What do we have to look at the label of a yogurt to know how much sugar it has?  We will discover how to know it easily so that you can choose the one that has the least.

Do you like yogurt and you don’t know which one to choose when you go to the supermarket, because you would like to always choose the most nutritious and healthy ones? And, if so, in reality, it is relatively easy to go to the shelf of the refrigerator and go only to those yogurts and dairy products that may be suitable. But what about its sugar content? Before, to know it, you have to know what you should look for to achieve it.

Although it is true that yesterday many people have been alarmed to discover the incredible amount of sugar in most yogurts that we find on the shelves of supermarkets, unfortunately nothing has been discovered that was not known.

In other words, the publication of the British study (in which the sugar content of nearly 900 yogurts has been analyzed) has helped to make something more publicly visible that many nutritionists in our country had been criticizing for years: excess sugar of many foods and food products, among which are -also- yogurts.

Specifically, we have learned that of the 900 yogurts and assimilates analyzed by British researchers, only 9% were low in sugar, so that the vast majority “are extremely sugary. ” But the alarm is even greater if we take into account the sugar content of infant yogurts: only 2 of the 100 infant yogurts analyzed had less than 5 grams per 100 grams of product.

What to look for when you want to buy healthy yogurts:

It is true that, sometimes, just looking at the labeling of the yogurt container would be enough to discover whether or not it is healthy. For example, this is the case with any yogurt that is not natural. But without being strict, we can say that all those yogurts that are flavored, sugary, fruit or cereal, will usually contain a high amount of sugars.

However, we can delve a little deeper and read the list of ingredients with which it has been made. If it contains the word “sugar” or “sweeteners” it is best to put it back on the refrigerator shelf.

But the most appropriate thing is always to analyze the nutritional labeling of the product, where you will know how much it provides of proteins, carbohydrates, fats, vitamins and minerals. Once you have it in your hands you should look at the section ‘carbohydrates, of which sugars’. If per 100 grams of product it exceeds 5.0 grams of sugars, then it is not such a suitable option.

Therefore, any yogurt that exceeds 5 grams of sugar per 100 grams of product is already exceeding the recommended. In the specific example that we discussed in the previous image, the product shown exceeds the recommended amount of sugar: it provides 13.3 grams of sugar, originally 16.6 grams for the 125 grams that the container has (and that you would end up eating after all).

Any yogurt that exceeds 5 grams of sugar per 100 grams of product is not suitable.

The same happens with organic or organic yogurts, since because they are bio they do not mean that they cannot contain a high amount of sugar in their composition. In these cases, too, it is necessary to see its list of ingredients and its nutritional labeling.

In what other ways can we find sugar in yogurt?

As we mentioned, it is quite possible that you will not only find the word “sugar” in the list of ingredients of yogurt, which can lead you to error and think that because it does not contain “sugar” then it will be free of sweeteners and will be more healthy.
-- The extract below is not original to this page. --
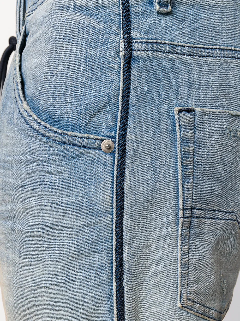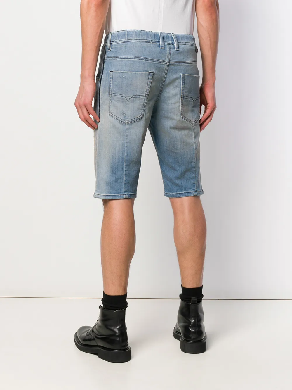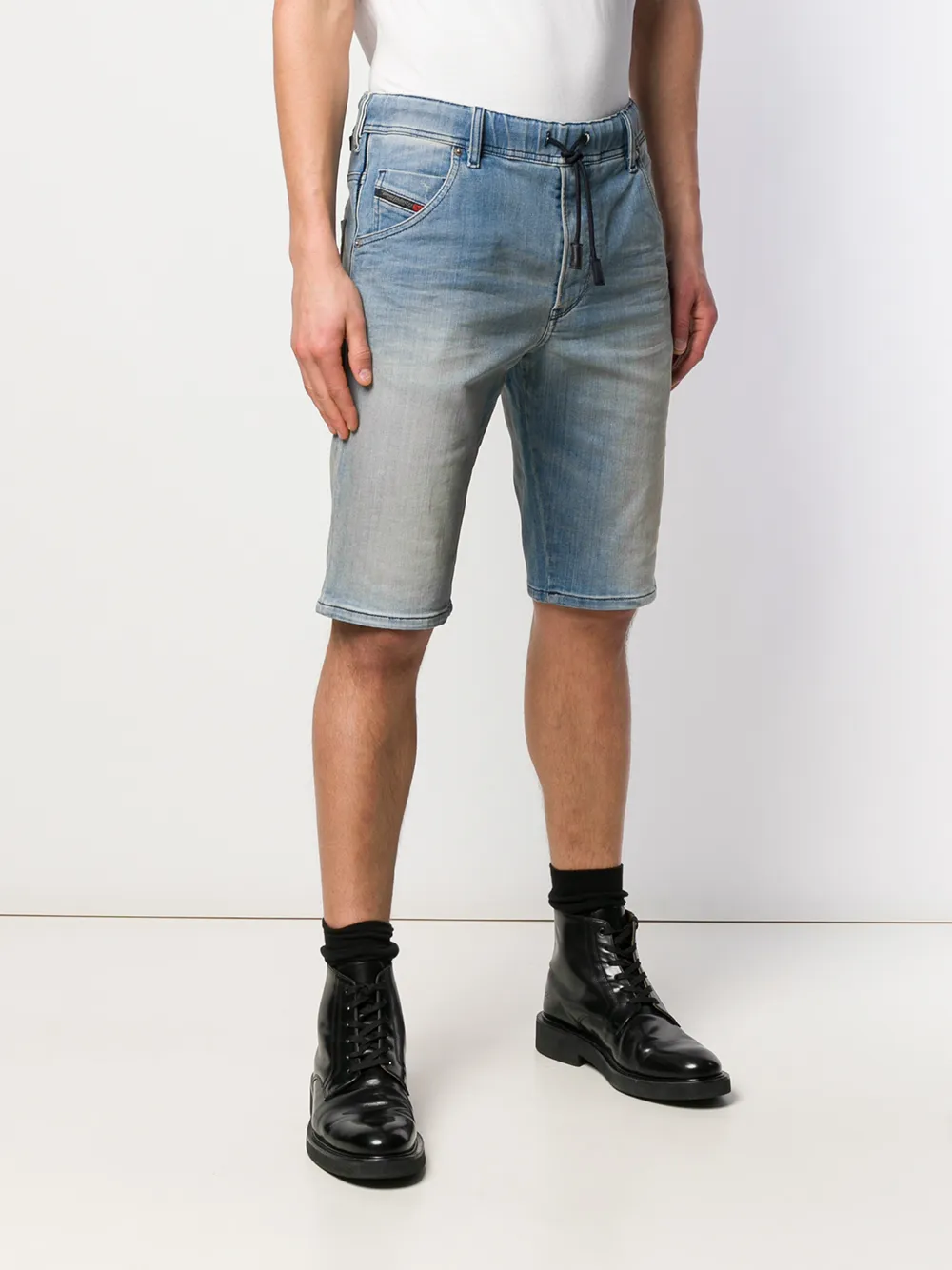 Выбеленные шорты стандартного кроя от Diesel (Дизель). Выцветший эффект, пояс с петлями для ремня, классическая пятикарманная модель и эластичный пояс со шнурком.

You should discard any yogurt that contains any of the following ingredients: dextrose, sucrose, glucose, fructose, honey, invert sugar, corn syrup, cane syrup, sucrose, maltose, caramel…

What are the yogurts that you should avoid when you go to the supermarket?

If you are concerned about your health, and that of your children, and you want to opt for nutritious yogurts that are truly adequate in terms of their sugar content, here are the ones you should avoid when you go to the supermarket:

  • Flavored yogurts.
  • Flavored yogurts.
  • Yogurts with fruits.
  • Cereal yogurts.
  • Bifidus type yogurts.
  • Flavored, flavored and / or fruit soy yogurts.
  • Flavored, flavored and / or fruit oatmeal yogurts.
  • Petit Suisse.
  • Other dairy products that are not yogurts: custards, mousses …

You should also pay attention to those yogurts that are organic or organic, as we mentioned in a previous section. We tend to think that they are healthier for the mere fact of being organic, but the reality is quite different: we also have to look at their labeling to find out how much sugar and fat they provide, and above all, with what ingredients they have been made.